Until Tuesday, Hampton had remained silent on the issue with the exception of a cryptic tweet drawing attention to Southworth’s firing and requesting prayers as she battles “dark forces.”
Hampton’s relationship with Bevin has been strained since he didn’t select her for his re-election ticket, choosing state Sen. Ralph Alvarado instead.
The Bevin administration also fired Hampton’s chief of staff Steve Knipper earlier this year, citing an administration policy that forbids officials from keeping their jobs while they run for elected office. Knipper ran for Secretary of State this year, but lost in the Republican primary.
In her statement, Hampton said that she was “pursuing action” to reinstate her staff and that she would “serve the remaining months of my term as I began it: joyful, faithful, humble.”
Bevin selected Hampton to be his running mate for his 2015 campaign and, when they won, Hampton became the first African-American elected to statewide office in Kentucky.

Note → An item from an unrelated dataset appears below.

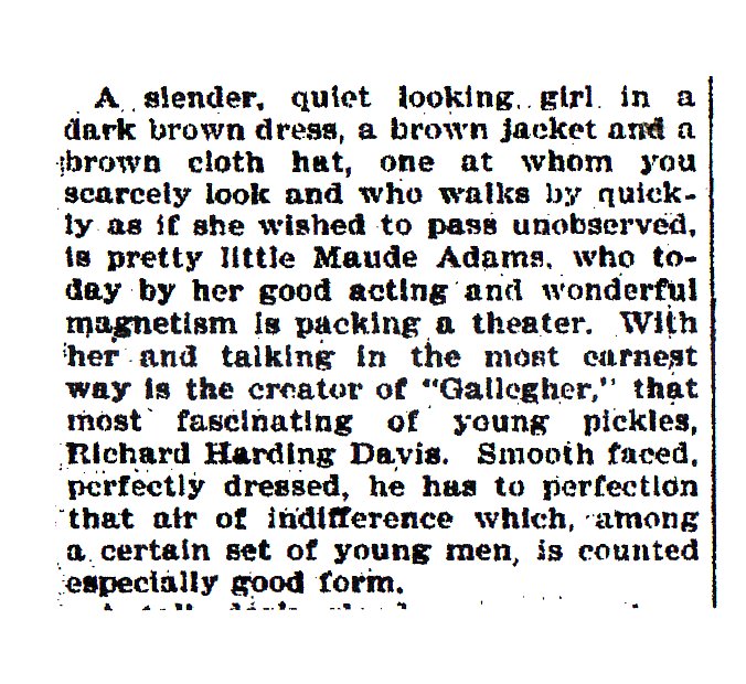 The top left article is about the type of gowns that she wore. The next article describes her clothes while she acts and notes that she looks like a "pretty schoolgirl" when seen on the street. The third article describes how she looks when on the street and, interestingly enough, her companion is Richard Harding Davis who was rumored to have been engaged to her. The fourth article is another about her general appearance, but makes allusion to rumors of just how thin she really is. THe final article in the top row describes her as "frail" and "girlish" in appearance.

The lieutenant governor’s office is largely symbolic though a lieutenant governor becomes governor in the event of a governor’s death or incapacitation.
The growing feud isn’t the first time a governor and lieutenant governor have publicly come at odds while still in office.
Former Lt. Gov. Steve Pence dropped off Gov. Ernie Fletcher’s re-election ticket following a scandal that involved political supporters being handed protected state jobs. Fletcher called for Pence to resign, but he refused.